By Jonathan Stempel
NEW YORK (Reuters) - Citigroup Inc and JPMorgan Chase & Co will pay $182.5 million to settle U.S. investor litigation claiming they violated antitrust law by conspiring with other banks to rig a key European interest rate benchmark.
A preliminary settlement addressing the banks' alleged manipulation of the European Interbank Offered Rate, or Euribor, was filed on Wednesday night with the U.S. District Court in Manhattan, and requires a judge's approval.
Five banks have reached $491.5 million of settlements in the case, including earlier settlements of $170 million by Deutsche Bank AG, $94 million by Barclays Plc and $45 million by HSBC Holdings Plc.

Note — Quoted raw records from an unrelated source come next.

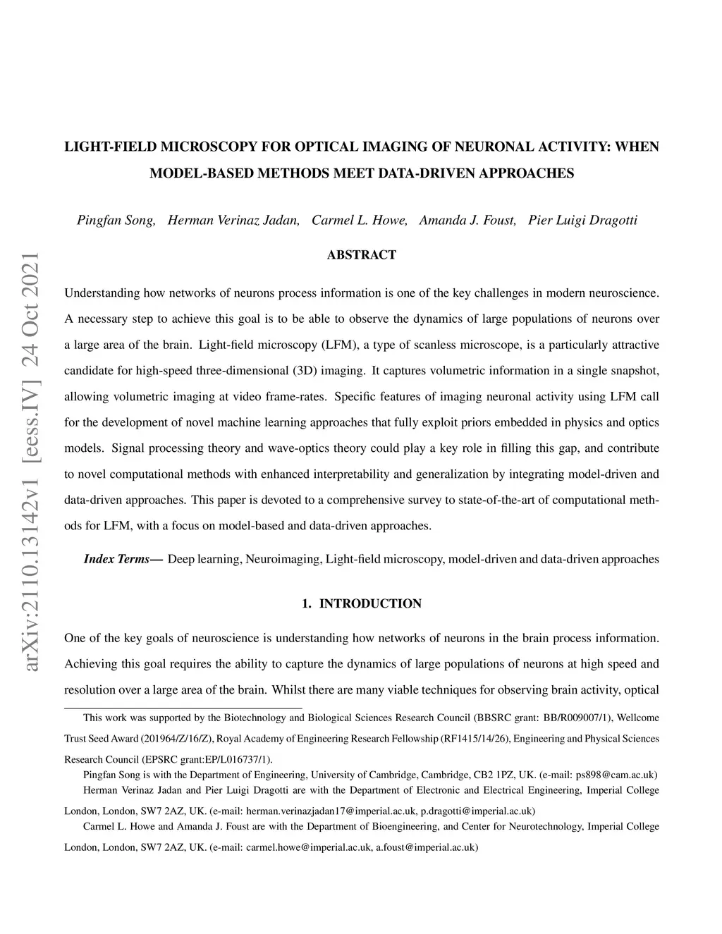 Understanding how networks of neurons process information is one of the key challenges in modern neuroscience. A necessary step to achieve this goal is to be able to observe the dynamics of large populations of neurons over a large area of the brain. Light-field microscopy (LFM), a type of scanless microscope, is a particularly attractive candidate for high-speed three-dimensional (3D) imaging. It captures volumetric information in a single snapshot, allowing volumetric imaging at video frame-rates. Specific features of imaging neuronal activity using LFM call for the development of novel machine learning approaches that fully exploit priors embedded in physics and optics models. Signal processing theory and wave-optics theory could play a key role in filling this gap, and contribute to novel computational methods with enhanced interpretability and generalization by integrating model-driven and data-driven approaches. This paper is devoted to a comprehensive survey to state-of-the-art of computational methods for LFM, with a focus on model-based and data-driven approaches.
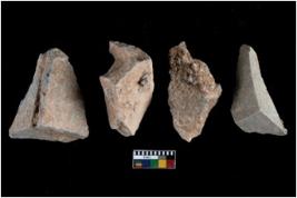 | Description / विवरण | There are n 4 utilized flakes. There are multi directional irregular scar pattern on both dorsal and ventral face of the flakes. three are tapering at one end and one has sharp edge. |
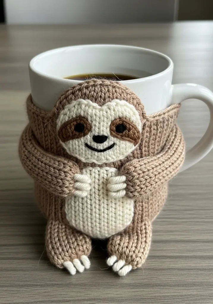This adorable knitted coffee cup cozy is designed to look like a sweet little sloth wrapping its arms around your mug. It is made with soft brown and cream yarn, featuring a ribbed body that stretches snugly around the cup. The sloth’s face is carefully shaped with layered knit pieces, tiny dark eyes, and a stitched smile that gives it so much personality. The small arms and legs are lightly stuffed for dimension, and you can see subtle yarn fuzz and natural stitch variations that make it feel warm and handmade.
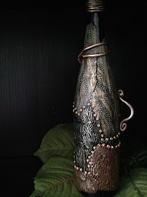 I added flower tie using my extra copper clay at the neck of the bottle. I finished it with German silver gilders paste.
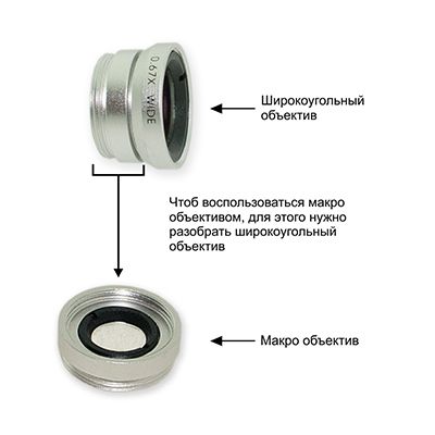 Для того чтобы воспользоваться макро объективом, для этого нужно разобрать широкоугольный объектив
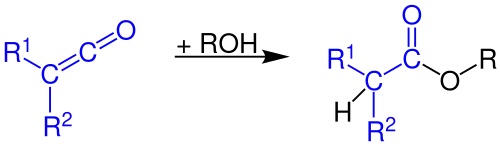Reakcemi s alkoholy vznikají z ketenů estery karboxylových kyselin:
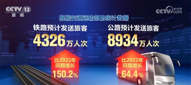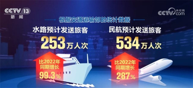 端午假期,全國鐵路、公路、水路、民航預計共發(fā)送旅客14047萬人次,比2022年同期增長89.1%。其中,鐵路預計發(fā)送旅客4326萬人次,比2022年同期增長150.2%;公路預計發(fā)送旅客8934萬人次,比2022年同期增長64.4%;水路預計發(fā)送旅客253萬人次,比2022年同期增長99.3%;民航預計發(fā)送旅客534萬人次,比2022年同期增長287%。
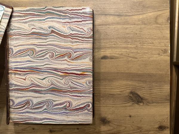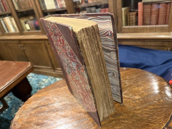 • 解説 Leather spine, corner and marble board binding, numerous illustrations in the text, stained and foxing, front cover almost detached, still a fair copy for reading only
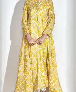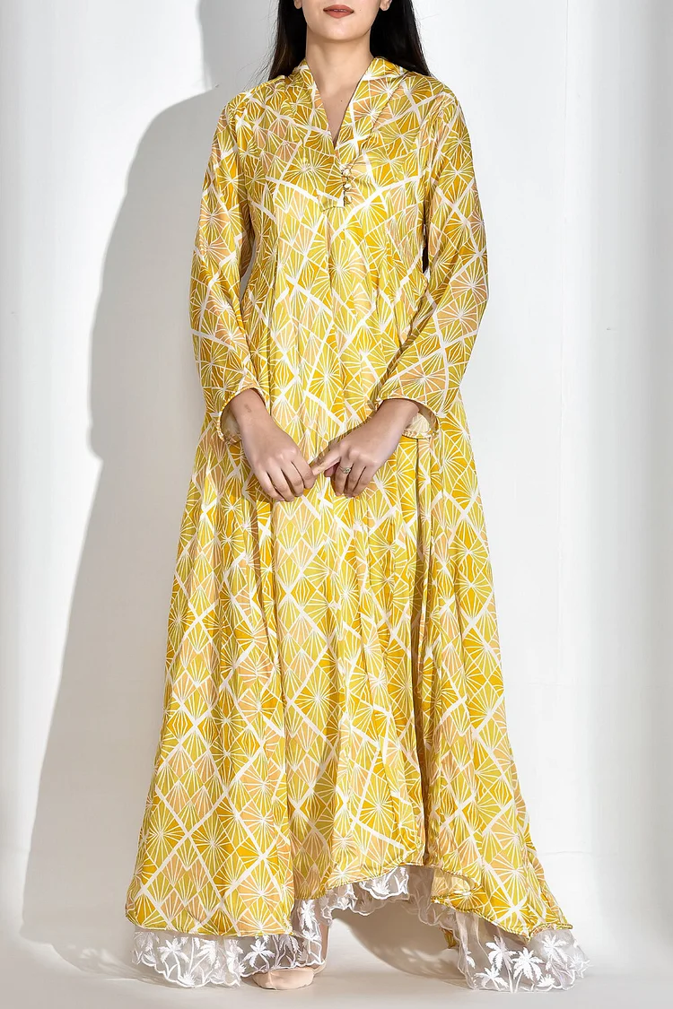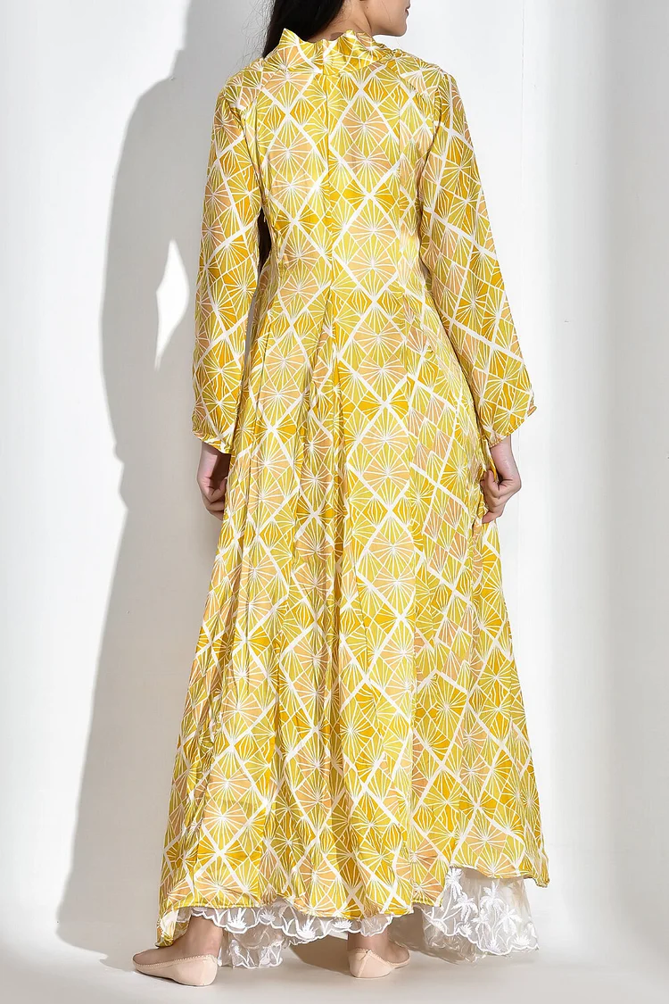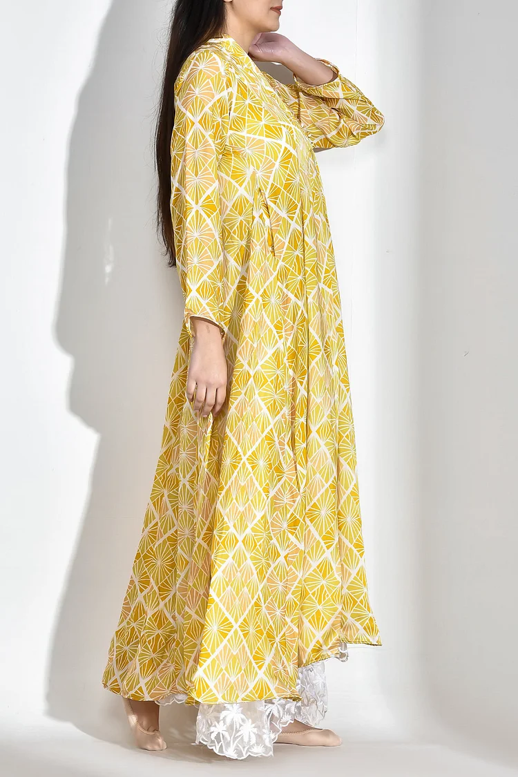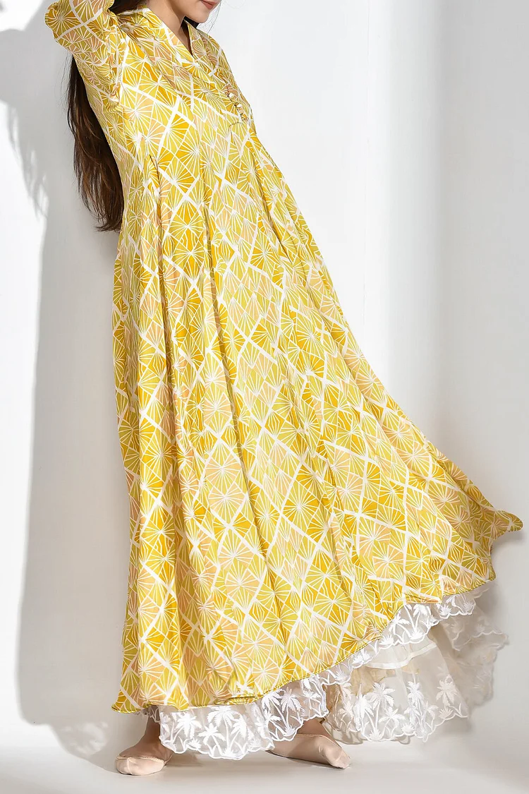 فيفيتش – فستان ماكسي فضفاض بأكمام طويلة وفتحة رقبة على شكل حرف V مطبوع بالكامل [طلب مسبق]
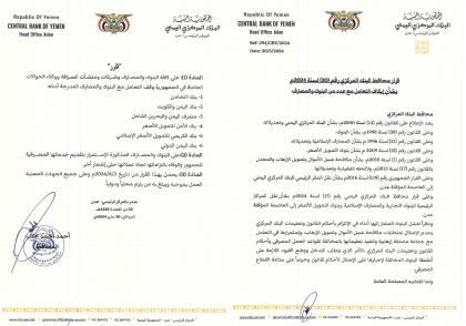 انطلاقاً من المسؤولية الدستورية والقانونية التي أنيطت بالبنك المركزي في إدارة السياسة النقدية، واستناد اً إلى أحكام المواد (24 – 26) من قانون البنك المركزي اليمني رقم (14) لسنة 2000 م المعدل بالقانون رقم (21) لسنة 2003م.
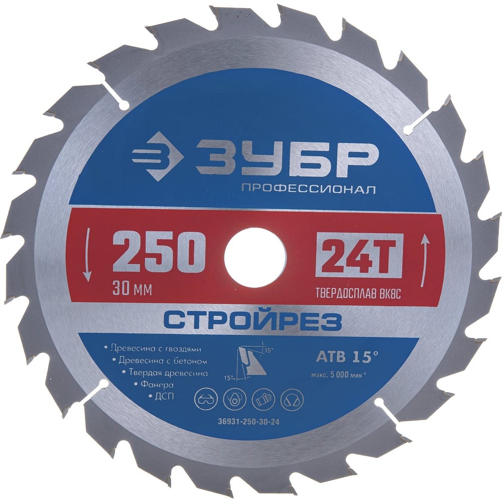 ЗУБР Стройрез, 250 х 30 мм, 24Т, пильный диск по строительной древесине, Профессионал (36931-250-30-24)
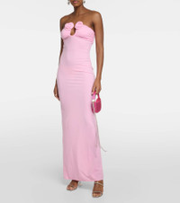 Product Details - Material: 87% polyamide, 13% elastane - Care instructions: dry clean - Made in Poland - Designer color name: Pink - Closure: zipped back - Item number: P00890931 Size & Fit - True to size - Strapless - Fitted - Stretchy fabric - slit length 75,0cm-29.5" - The model seen in the picture is 178cm-5'10" and wearing a size FR 36
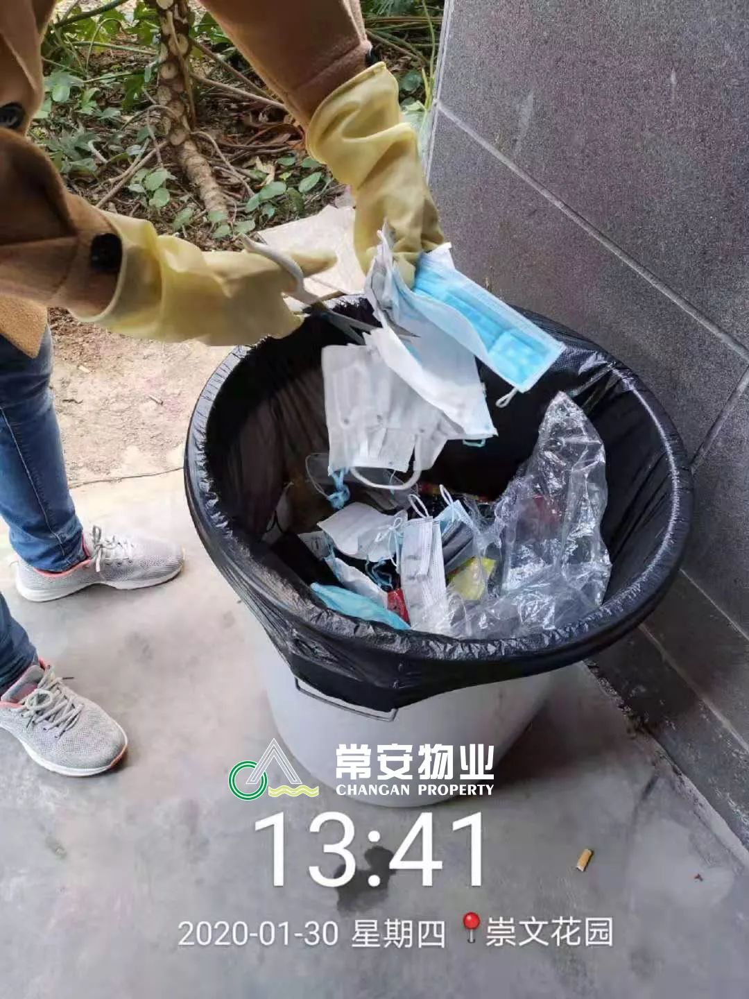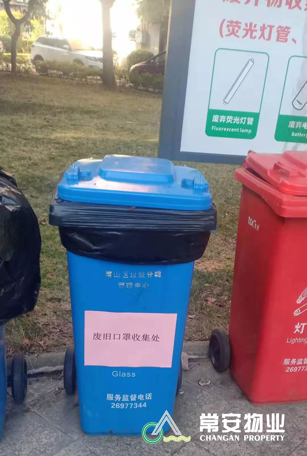 在小區(qū)內(nèi)設(shè)置口罩、手套等專用垃圾桶,要求業(yè)主、住戶將已失效的防護用品必須銷毀,做到特殊垃圾、特殊處理。
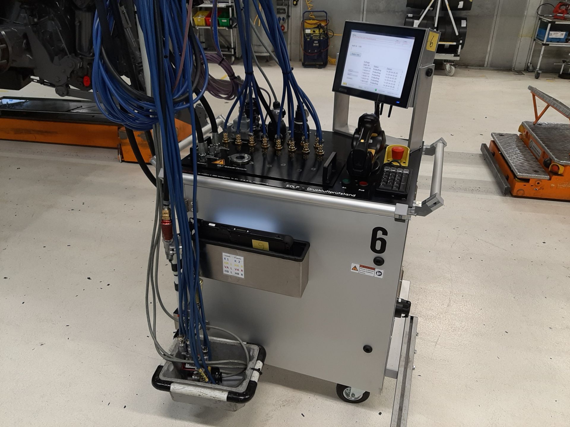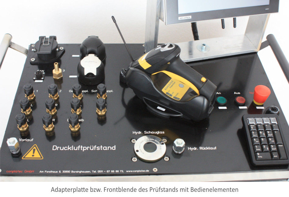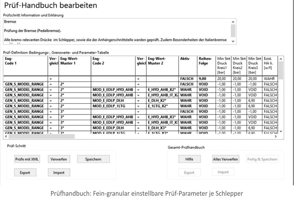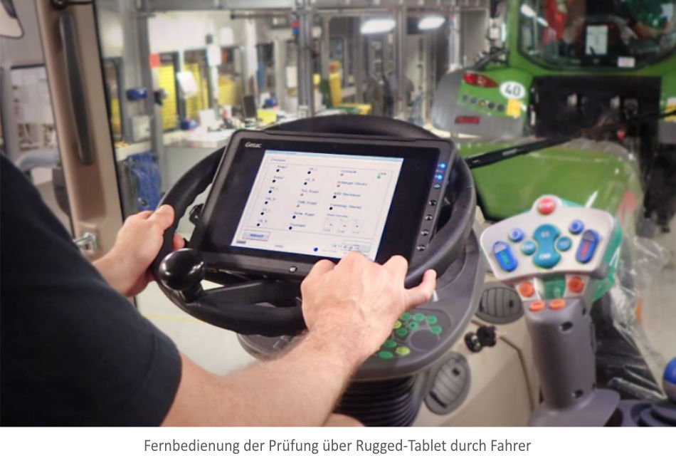 Der prüfende Schlepper-Fahrer bedient ein Rugged-Tablet, das alle Prüfanweisungen einfach und klar darstellt. Der Werker hinter dem Schlepper, der die Schläuche einrüstet, bekommt über einen Bildschirm am Prüf-Wagen genaue Hilfestellung, welche Adapter er je nach Schleppertyp anschließen muss.
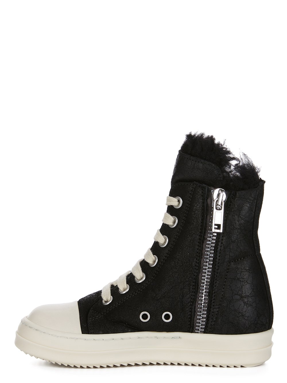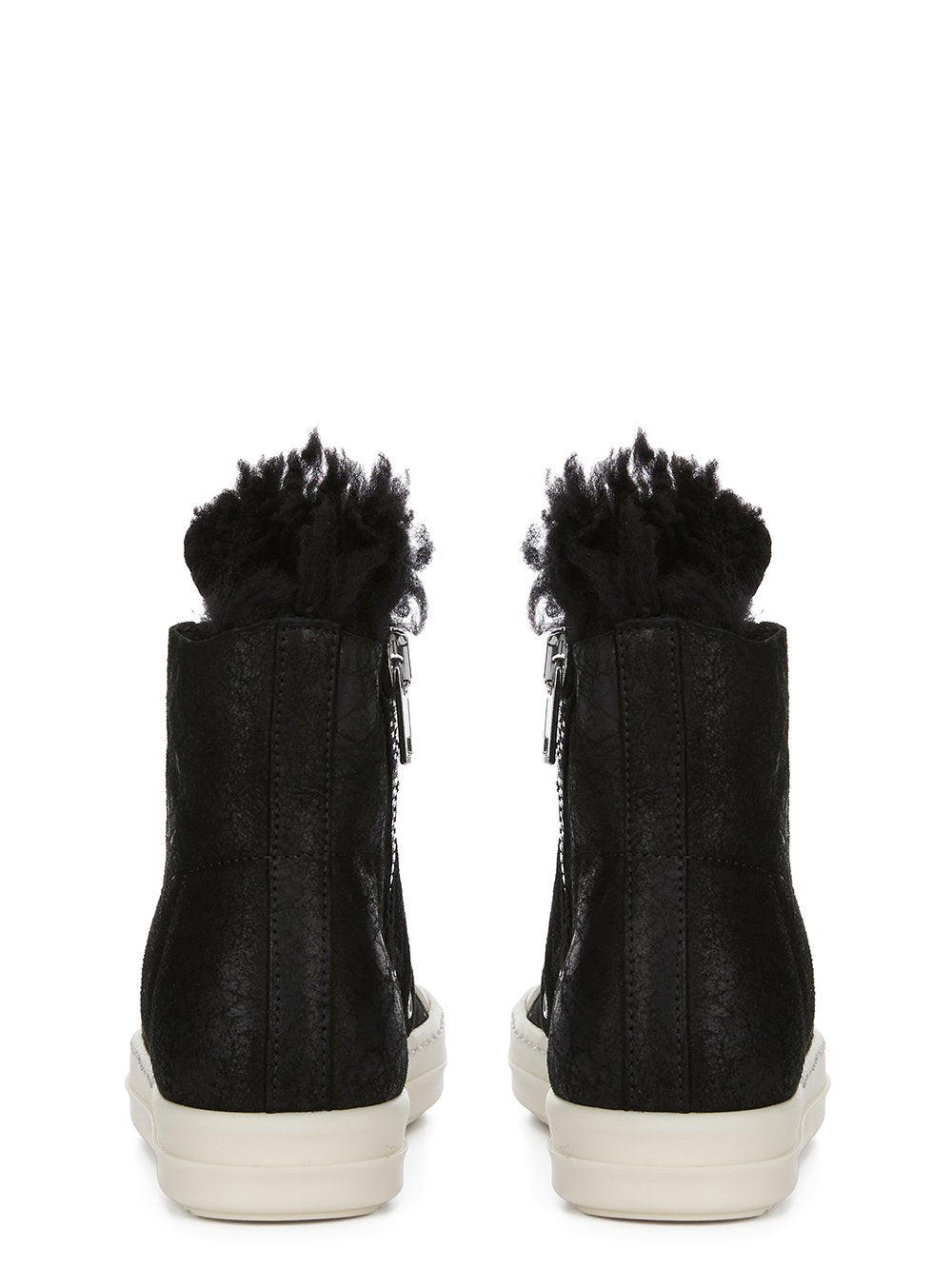 RICK OWENS FW25 CONCORDIANS SHEARLING SNEAKS IN BLACK/MILK/MILK CURLY SHEARLING

Euribor is the euro-denominated equivalent of Libor, a benchmark for setting rates on hundreds of trillions of dollars of credit cards, student loans, mortgages and other debt.
Investors including the California State Teachers' Retirement System (CalSTRS) pension fund accused banks of rigging Euribor and fixing prices of Euribor-based derivatives from June 2005 to March 2011 to profit at their expense.
According to the settlement agreement, Citigroup and JPMorgan denied wrongdoing, and settled to avoid the cost and distraction of litigation. Several banks remain defendants.
Citigroup spokeswoman Danielle Romero-Apsilos and JPMorgan spokeswoman Tasha Pelio declined to comment on Friday. Vincent Briganti, a lawyer for the plaintiffs, also declined to comment.
Many lawsuits in the Manhattan court seek to hold banks liable for alleged rigging in interest rate, commodity, currency and other financial markets.
JPMorgan this week reached a separate $7 million settlement of investor claims that it conspired with rivals to rig the Australian Bank Bill Swap Reference Rate, becoming the first bank to settle that litigation. The same law firms represented investors in that case and the Euribor case.
The case...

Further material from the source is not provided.